Tuesday, April 29, 2014

A Failed Puppet Master?

In a withering assessment of Stephen Harper, that is the conclusion Andrew Coyne seems to draw in his National Post column:

We are so heavily invested, we media types, in the notion of Harper as master strategist, able to see around corners and think seven moves ahead and what not, that we tend not to notice how many times he has been screwing up of late. The sudden and more or less complete rewriting, on the same day as the Supreme Court decision, of the colossally misjudged Fair Elections Act, after weeks of waving off any and all criticism as self-interested or partisan or both? Merely a prudent bid to cut their losses. The unusual public goading of Barack Obama (“a no brainer … won’t take no for an answer… etc”) into making a decision on the Keystone XL pipeline project, six years after it was first proposed? Either a play to the base or a wink to the Republicans or a deliberate raising of the diplomatic stakes, anything but what it looks like: a catastrophic fumbling of a key file.

Indeed, perhaps this is all evidence of a very tired government, running only on the fumes of the hatred, dissension, and division it has sewn since 2006:

Observes Coyne:

It is reckless, not in the style of governments that overread their mandate, but in an aimless, scattershot way. It is partisan, but for no purpose other than stubbornness and tribalism. It will take every fight to the limit, pick fights if none present themselves, with no thought to the consequences of either victory or defeat but seemingly out of sheer bloodlust. Like the proverbial dog chasing the car, it has no idea what it will do when it catches it.

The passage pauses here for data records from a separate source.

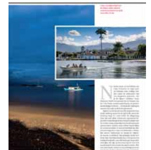
pagina 19, 15-09-2012

Rijden van São Paulo naar Rio de Janeiro kán via de snelweg, maar wie de tijd heeft, neemt de kustweg langs de Costa Verde. De slingerweg door het met dicht Atlantisch regenwoud begroeide kustgebergte is dan wel geen pretje voor de zwakke maag, maar bij de eerste glimp van de spectaculaire baaien, waar talloze watervallen de oceaan in rollen, is meteen duidelijk dat elke minuut langs deze route een belevenis is. Paraty ligt precies halverwege en maant tot blijven. De locatie is idyllisch: het gebergte duikt hier in de baai van Ilha Grande nog even op als een zestigstal tropische, met dichte jungle begroeide eilandjes. Die zijn op hun beurt goed voor zo'n tweehonderd onervalste bountystranden. Wie een kano huurt, of voor een paar tientjes per uur een bootje chartert, heeft ze voor het uitzoeken.
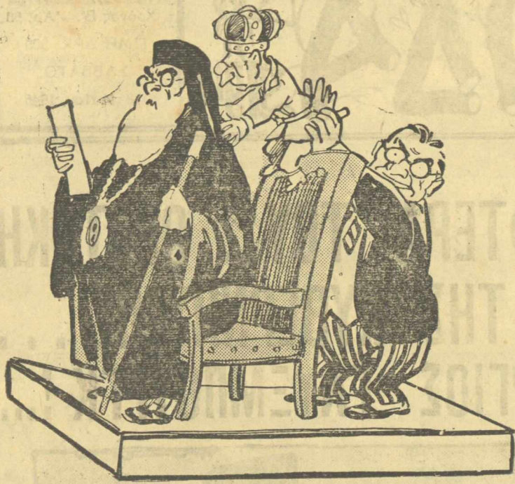
Ο λογος του θρόνου I...
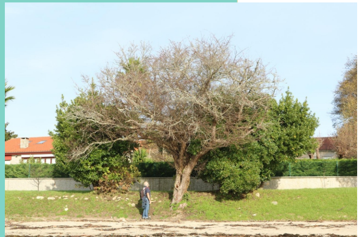
Estripo na praia do Laño
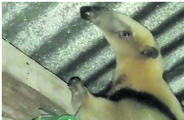
La CRC adelanta una campaña para proteger al oso hormiguero en el Macizo Colombiano.

nidad del municipio y sectores aledaños un mensaje de sensibilización frente a la conservación de esta especie, catalogada como uno de los mamíferos más antiguos de Sudamérica.
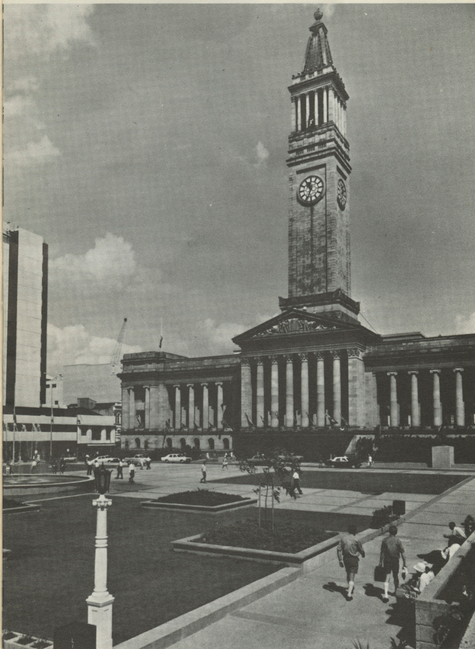
Brisbanes Pilsētas nams
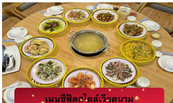
เมนูซีฟู้ดสไตล์เวียดนาม

17.05 เดินทางถึง สนามบินสุวรรณภูมิ โดยสวัสดิภาพ ... พร้อมความประทับใจ
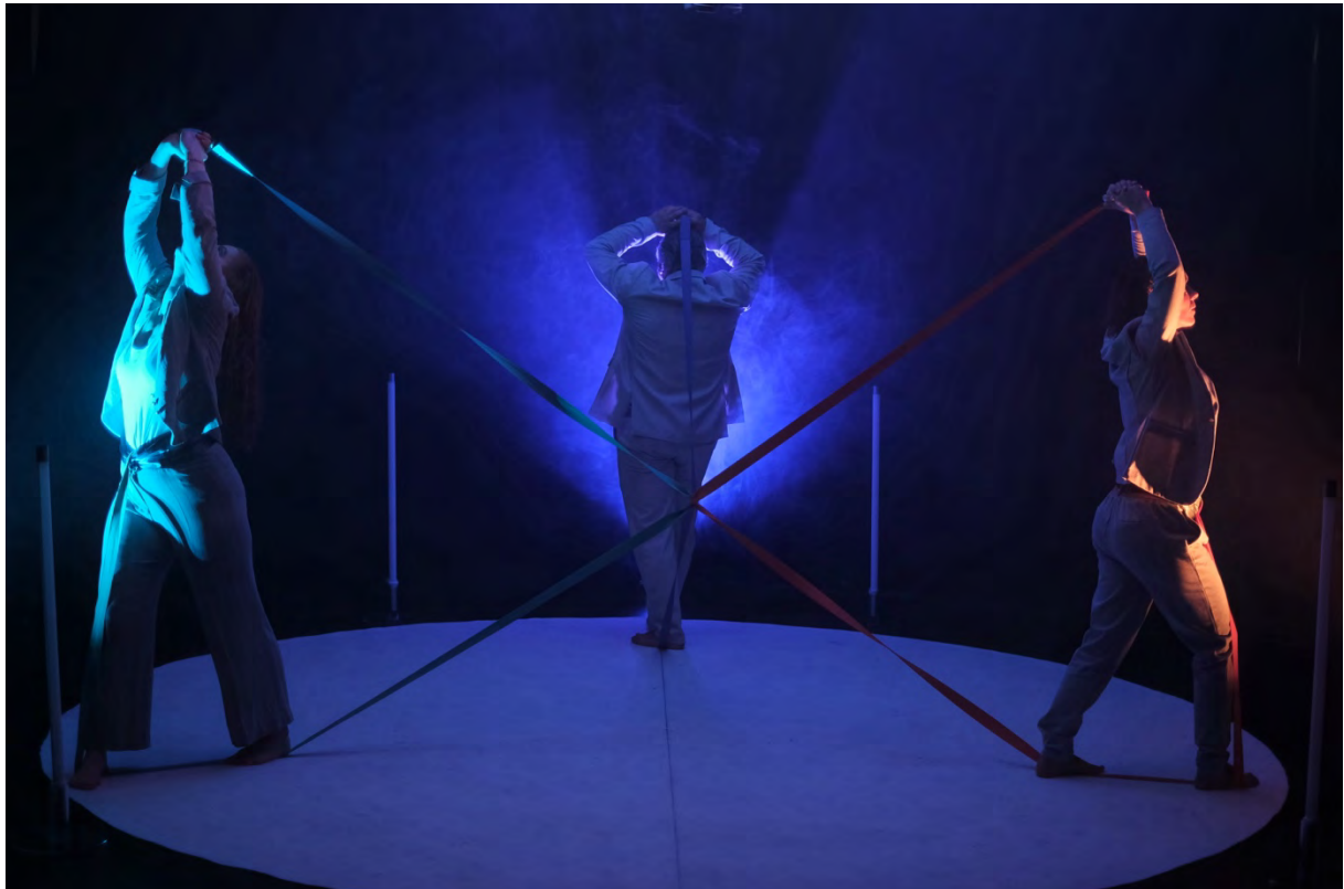
Das Ende des Kreises

Die Inszenierung verbindet individuelle Biografien mit gesellschaftlichen Fragestellungen nach Sichtbarkeit und Verantwortung. Die Vorstellungen wurden durch eine Kooperation mit dem Berliner Krisendienst und Publikumsgespräche abgerundet. So konnte eine direkte Rückkopplung in das alltägliche Leben der Zuschauenden stattfinden. Beeindruckend war die außerordentliche Resonanz: „Ihr leistet eine unglaubliche Arbeit als Sprachrohr für alle, dies aus den unterschiedlichsten Gründen nicht schaffen ihren Angehörigen zu erklären, was in ihnen vor sich geht. Das Stück hat mir Kraft gegeben weiterzumachen, die Situationen nicht persönlich zu nehmen und vor allem, Hilfe zu holen!“ (Rückmeldung einer Zuschauerin)
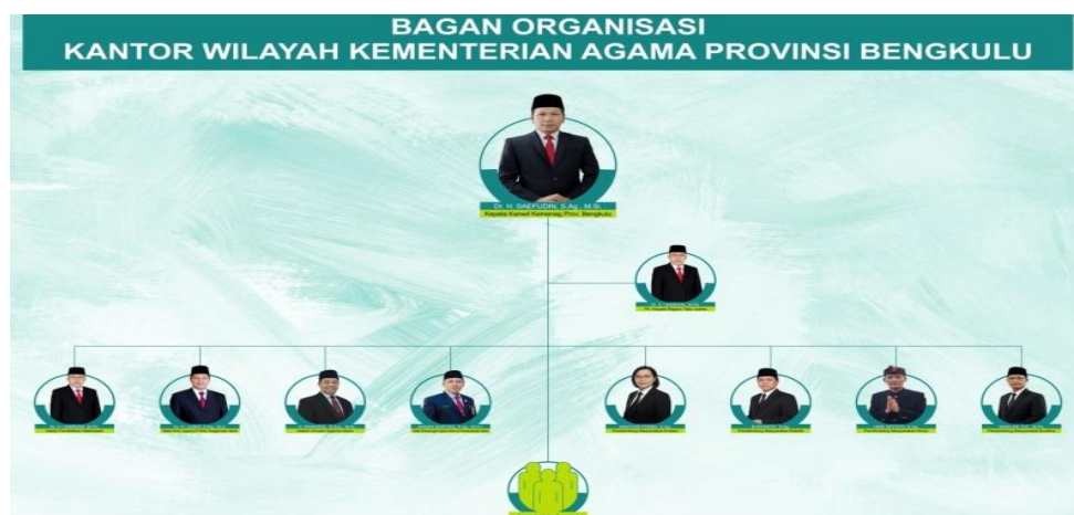
Gambar 1.1 Struktur Organisasi Kantor Wilayah Kementerian Agama Provinsi Bengkulu

Berdasarkan Peraturan Menteri Agama Nomor 6 Tahun 2022 tentang Perubahan Atas Peraturan Menteri Agama Nomor 19 Tahun 2019 tentang Organisasi dan Tata Kerja Intansi Vertikal Kementerian Agama, Susunan Organisasi Kantor Wilayah Kementerian Agama Provinsi Bengkulu yakni:
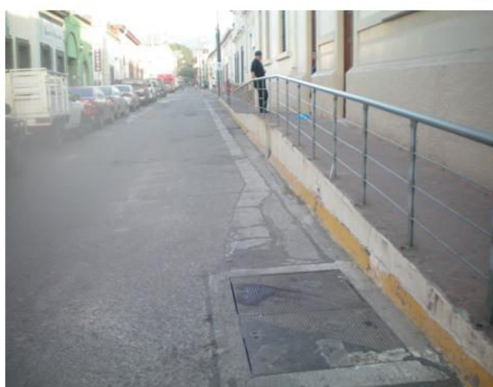
Limpieza y recolección de basura en diferentes áreas y calles de la ciudad.
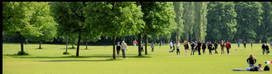
Carl-Theodor-Wiese mit Monopteros und Werneckwiese mit Kleinhesseloher See
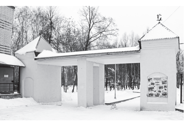
🛦 А такой вид она приобрела после реконструкции
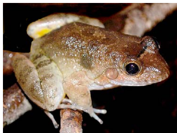
106 Leptodactylus diedrus LEPTODACTYLIDAE
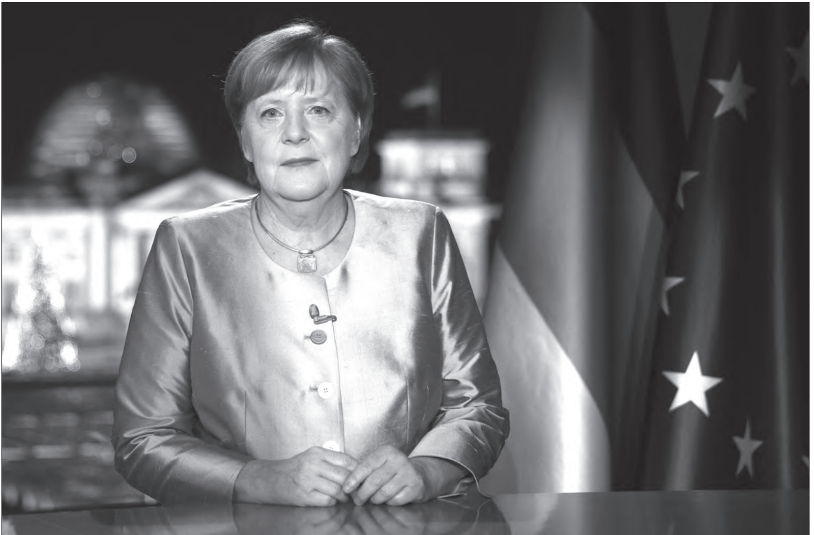
▲ La clave del éxito para la canciller alemana fue una combinación de férrea determinación, pragmatismo y capacidad analítica
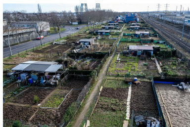
Vue d'ensemble des Jardins ouvriers RVI Saint-Priest
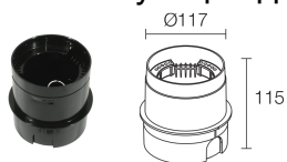
WC0105 Монтажный короб
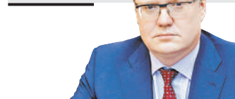
Андрей Исаев первый заместитель руководителя фракции «Единая Россия» в Государственной Думе
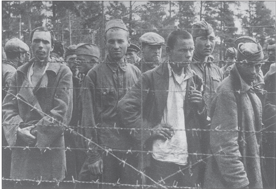
Фото радянських бранців. Німецький плакат, віддрукований у липні 1941 р.

У радянській історіографії тема історії мільйонів військовополонених була майже закритою і зрозуміло чому. Радянське керівництво було зацікавлено у приховуванні правдивих масштабів прорахунків і поразок Червоної армії у 1941–1942 рр., перш за все тому, що саме воно й було основним їх винуватцем. Після розвалу СРСР у 1994 р. російськими архівістами видано "Справочник о местах хранения документов о немецко-фашистских лагерях, гетто, других местах принудительного содержания и насильственном вывозе граждан на работы в Германию и другие страны Европы в период Великой Отечественной войны 1941–1945 гг.", що містив відповідні дані й в Україні. Після виходу 23 березня 2000 р. Закону України "Про жертви нацистських переслідувань" і в незалежній Україні виникла нагальна потреба у ґрунтовному виданні, що висвітлювало б цю тему. І воно побачило світ з такими вихідними даними і назвою: Державний комітет архівів України, Український національний фонд "Взаєморозуміння і примирення" при Кабінеті Міністрів України. Довідник про табори, тюрми та гетто на окупованій території України (1941–1944)/Упоряд. М. Г. Дубик. – К., 2000. У цьому виданні паралельними текстами українською й німецькою мовами йдеться про різні категорії таборів для цивільного населення, військовополонених, тюрми та гетто, на завершення подаються географічні покажчики та перелік використаних архівних фондів.

All but the most inveterate ideologues would likely agree that it is well past time for a change.


  1. Harper being a master strategist must be one of the best jokes propagated on gullible voters by journalists/pundits who were either as ignorant as the voters they were supposed to enlighten, or, one must suspect, were hoping for Senate seats. For instance, Chris Hall at the CBC once even proclaimed that Harper has the propensity to "tilt to the unexpected". Well, I suppose backpedalling furiously is one form of tilting to the unexpected ferocity of public criticisms of his "Fair" Elections Act, eh? :)

    1. Well-said, Anon. I think too many of us tend to be too influenced by the pundits who, after all, are ultimately only reflecting their own biases in their commentaries.

  2. Lorne, coming from Andrew Coyne who is a conservative means a lot more. National Post is a very much conservative newspaper. I keep saying but I hope Harpo is turfed out come 2015. He is doing too much damage nationally and internationally. We were denied a rotating seat on the United Nations' Security Council. This happened first time ever, I believe. That speaks volumes in itself. It is simply too much to take. Even his name gives me nausea.

    1. I agree, LD. Harper has done so much to diminish Canada's world reputation with an arrogance typical of the right-wing, who seem to have an innate contempt for organizations that require cooperative behaviour. Guess it undermines their myth of the rugged individual whose only obstacle in life is the intrusion of government in it.

      I never watch Harper, except occasionally during Question Period, for the same reason you cited here.